This article was published as a part of the Data Science Blogathon.
“Apache Airflow is the most widely-adopted, open-source workflow management platform for data engineering pipelines. It started at Airbnb in October 2014 as a solution to manage the company’s increasingly complex workflows. Most organizations today with complex data pipelines to be managed leverage Apache Airflow to schedule, sequence, monitor the workflows.”
It helps you to determine and define aspects like:-
So, where does a workflow management system fit? And how do you know you need to use it? Let’s say you are working for the IT division of a health care organization, and you need to run some analytics on patient records that you receive from a vendor hospital. You have developed that awesome Apache Spark-based application, which is working like a charm. You need that application run daily against the data that comes in from the hospital. A further requirement is that the output of that analysis needs to be pushed as input to a time-critical downstream application which determines the composition and quantity of factory production units for a test medicine for that day.
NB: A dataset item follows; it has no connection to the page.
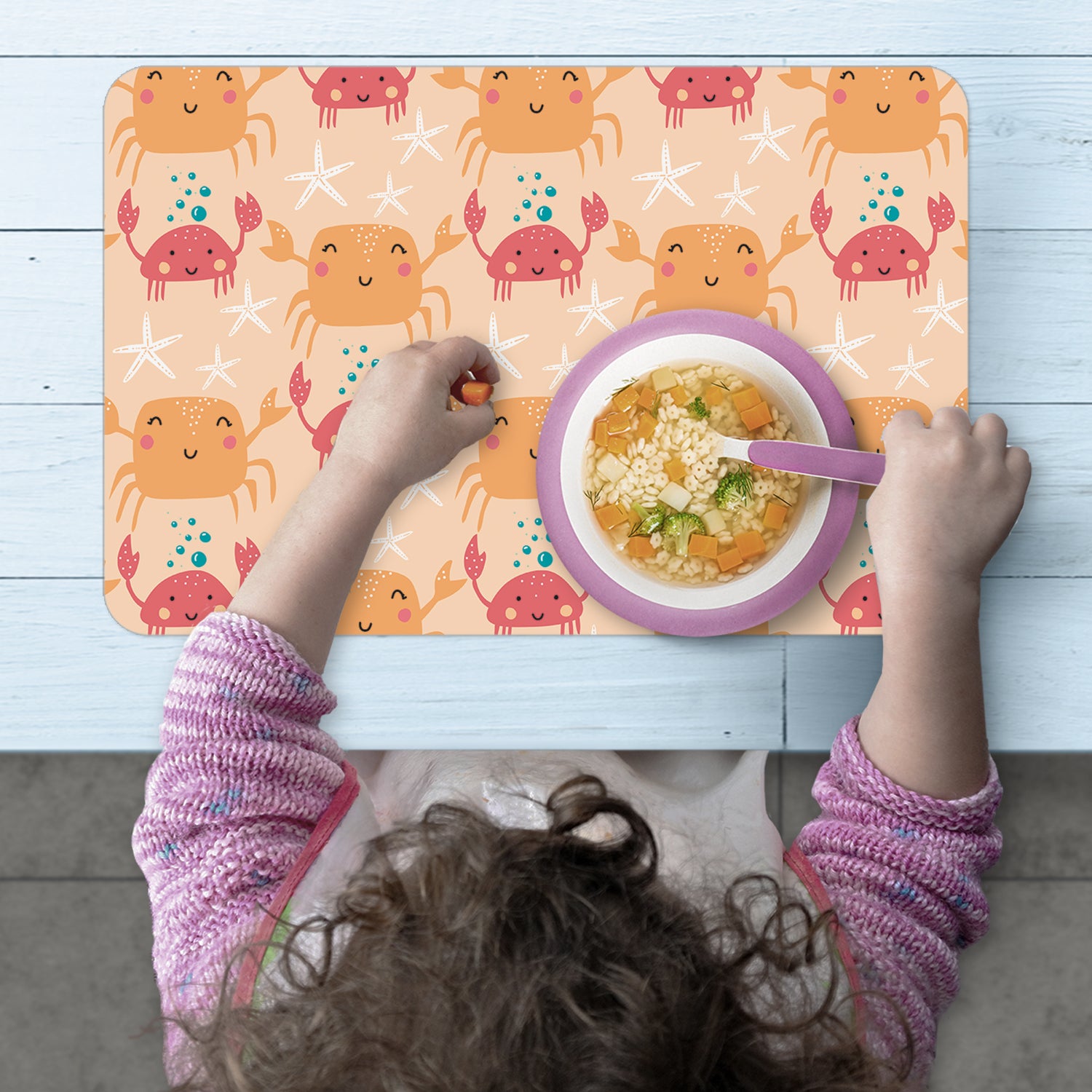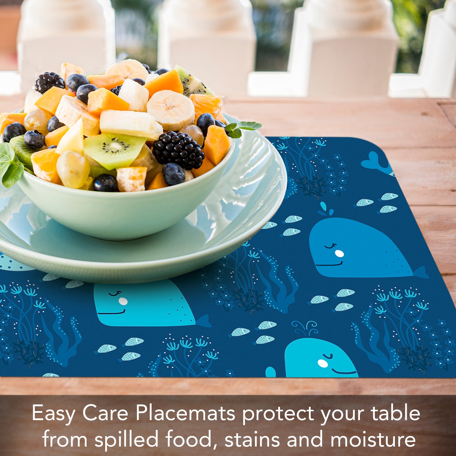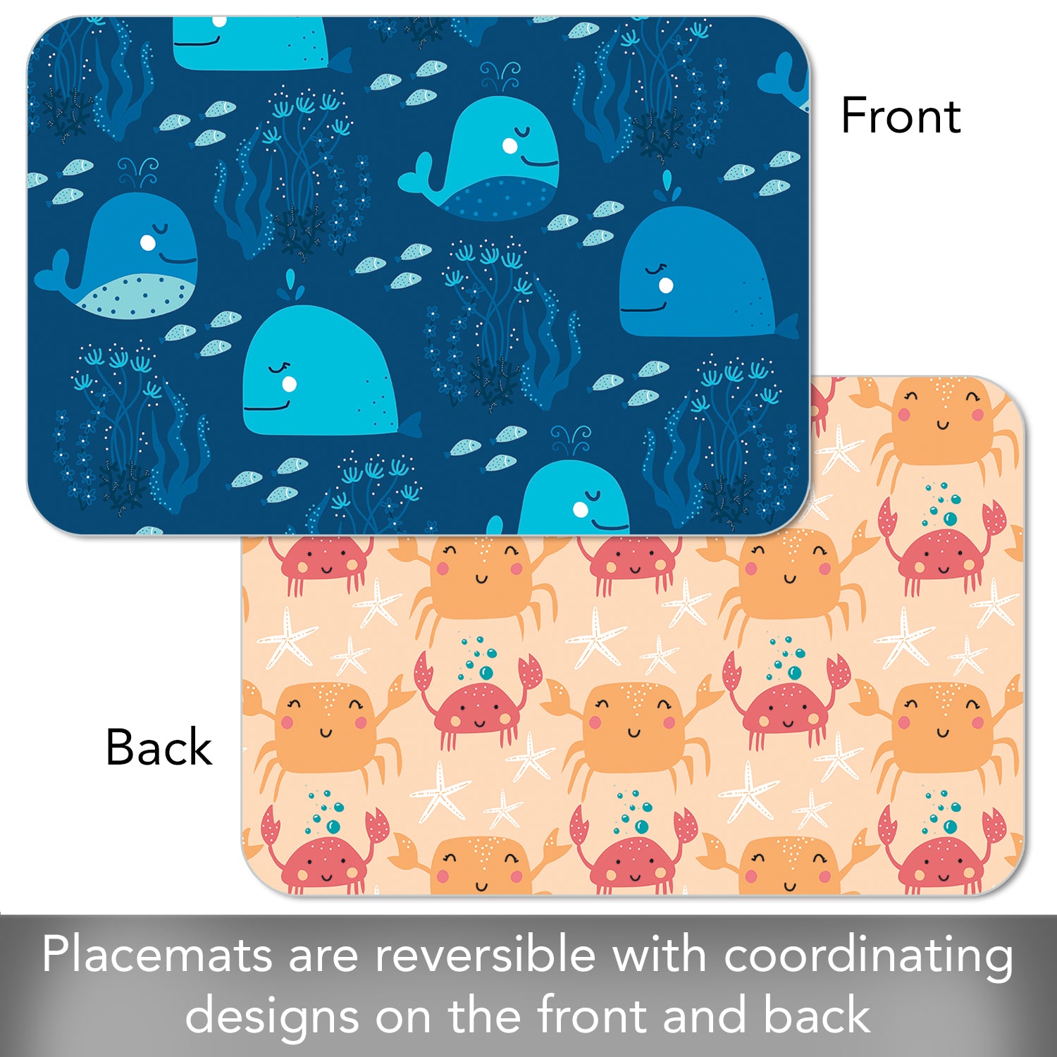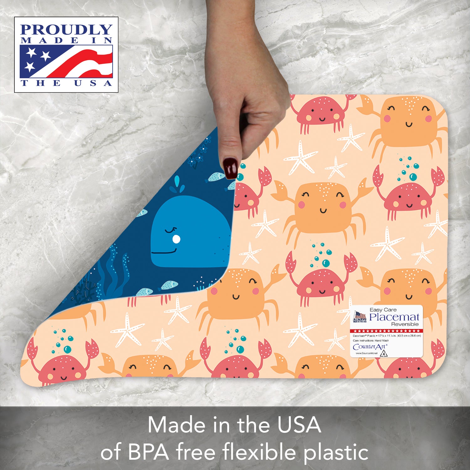 REVERSIBLE-Each Placemat features a coordinating design printed on the opposite side. Placemats are constructed of BPA and PVC free flexible plastic.

Initially, a simple cron job or a Jenkins-based job might suffice until things get bigger. Let’s say two more upstream hospitals get added to the fray. One pushes data to an S3 bucket; another gives a REST API-based interface from which you need to fetch data, and yet another in-house system dumps data to a database. You need to now run your analytics application against the data from all these upstream systems before running the downstream app. This is where the beauty of Airflow comes into play.
Airflow as a mainstream DevOps tool has been widely adopted since it was launched eight years ago to orchestrate BigData and ETL pipelines. As your systems and processes become bigger, managing the scalability and monitoring using custom scripts or cron-based solutions becomes difficult—this is where it fits in.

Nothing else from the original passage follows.